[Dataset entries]
+--
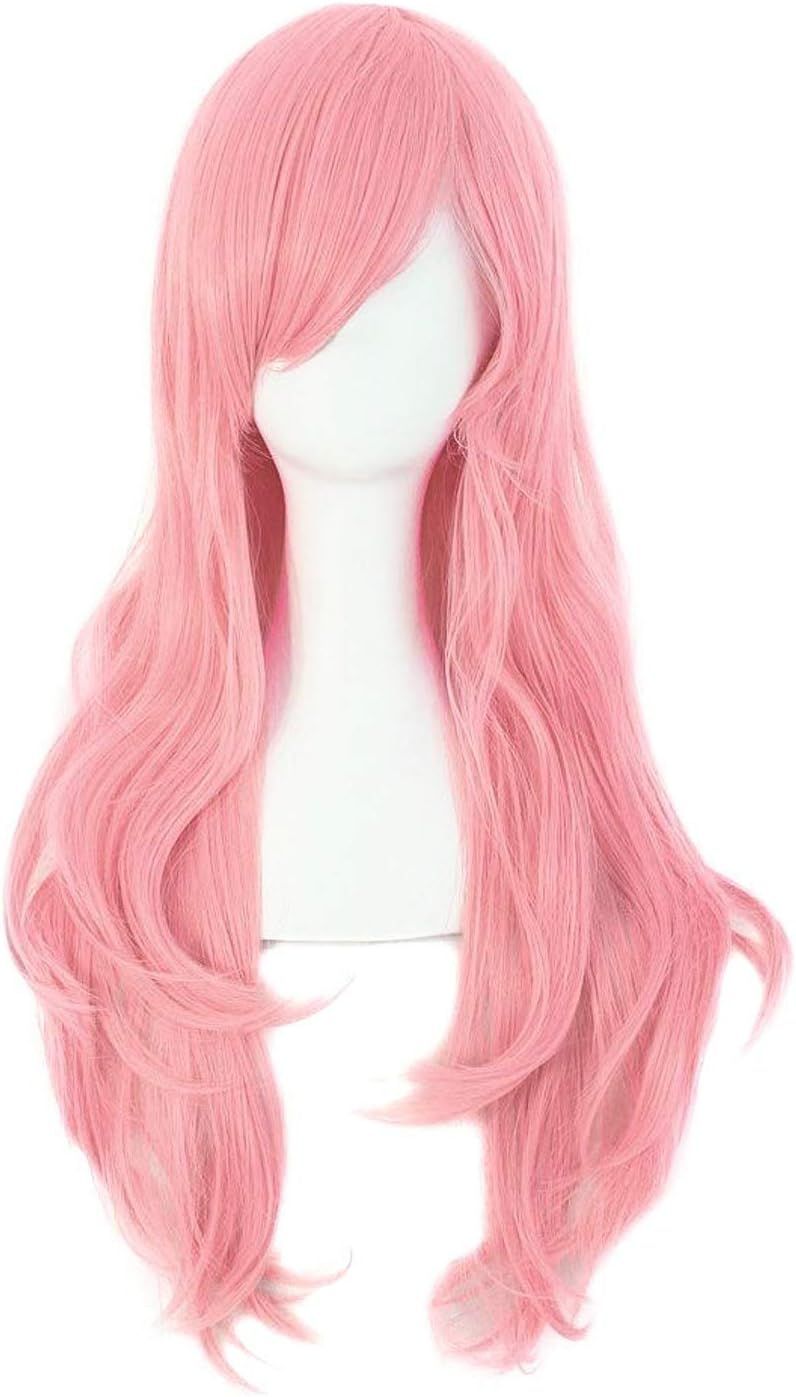 28" 70cm Long Curly Hair Ends Costume Cosplay Wig (Pink)
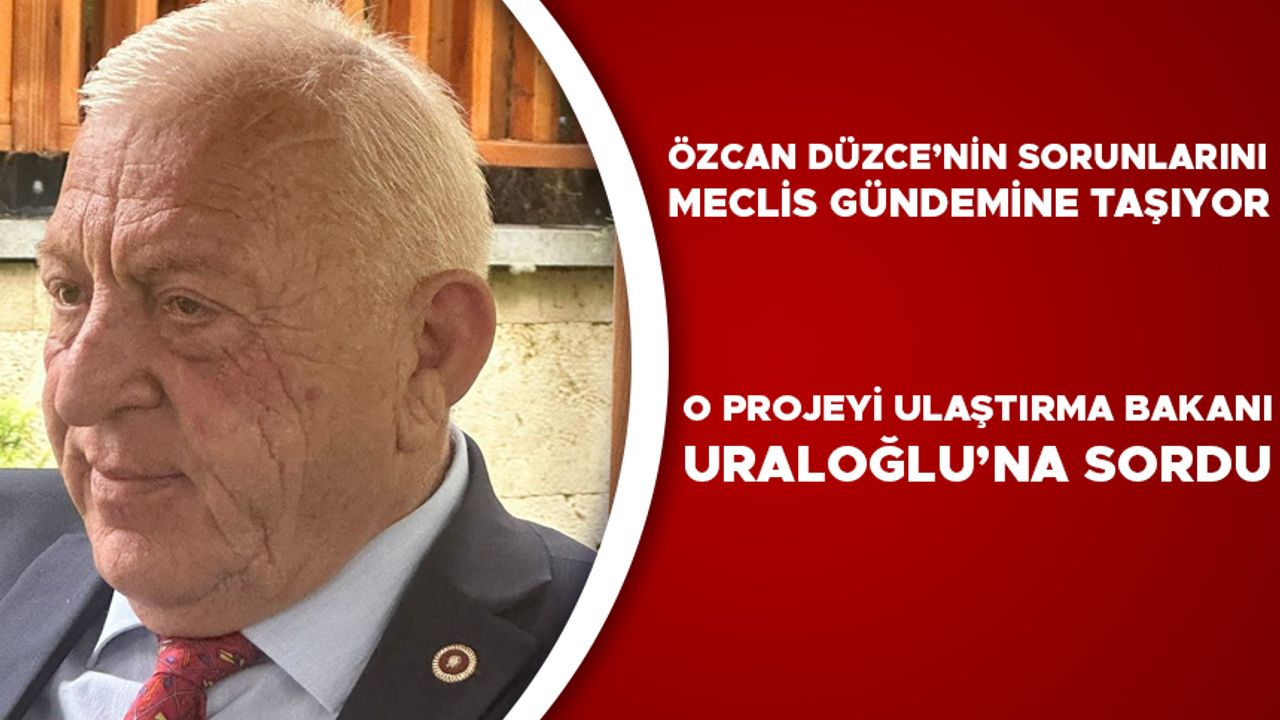 CHP Düzce Milletvekili ve Dışişleri Komisyonu Üyesi Talih Özcan, Düzce’nin sorunlarını Türkiye Büyük Millet Meclisi’ne(TBMM) taşımaya devam ediyor. Özcan, son olarak yıllardır çaba gösterilmesine rağmen, Ankara ve İstanbul’un tam ortasında bulunan, hızla gelişen Düzce’nin söz konusu projeye dahil edilmemesinin, kentin kalkınmasına büyük bir darbe vuracağını belirtti.
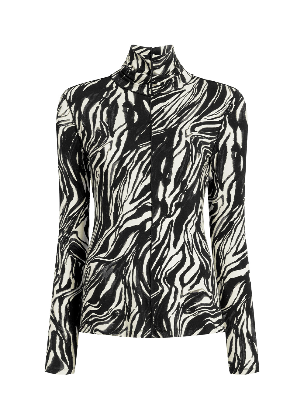 The Audrey Top in Marble Jersey features a slim long-sleeve turtleneck adorned with an all-over abstract motif.
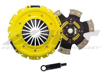 FM5-SPG6 kit features a Sport pressure plate for a nice upgrade. ACT Sport pressure plates use exclusive diaphragm design to increase clamp load, reduce deflection and maximize clutch life. All diaphragms endure a four-stage, heat-treating process for unparalleled performance. ACT pressure plates have precision cover stampings to provide rigidity and consistency. ACT’s 6-pad, spring-centered race disc features a spring-center construction to properly damp torsional vibrations and resist failure under harsh conditions. ACT spring retainers utilize wraparound spring windows and thicker retainer stampings to provide spring support, reduce stress concentrations, and increase strength and reliability. With the 6-pad, spring-centered race disc, engagement is harsher, but shifting is faster. The 6-pad, spring-centered disc is recommended for larger clutch sizes to absorb more heat.
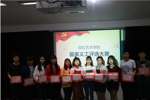 在这场最美义工的评选活动中,宾虹艺术学院师生共同回顾了长期以来在合肥市瑶海区笑童颜特殊教育学校、在合肥高铁南站、合肥市轮椅马拉松比赛、社区等地点开展的志愿帮扶和志愿服务,以及依托胡文传艺术分队、合肥市星火志愿者家园等社会团体开展的社会实践和专业培训等。分享会上不断响起热烈和鼓励的掌声。
+--
ASSIGNMENT: Go back to the entries above and restate word for word every line from the first through the one that contains "CHP Düzce Milletvekili", leaving the pictures behind.

ANSWER TO THIS PROBLEM:
 28" 70cm Long Curly Hair Ends Costume Cosplay Wig (Pink)
 CHP Düzce Milletvekili ve Dışişleri Komisyonu Üyesi Talih Özcan, Düzce’nin sorunlarını Türkiye Büyük Millet Meclisi’ne(TBMM) taşımaya devam ediyor. Özcan, son olarak yıllardır çaba gösterilmesine rağmen, Ankara ve İstanbul’un tam ortasında bulunan, hızla gelişen Düzce’nin söz konusu projeye dahil edilmemesinin, kentin kalkınmasına büyük bir darbe vuracağını belirtti.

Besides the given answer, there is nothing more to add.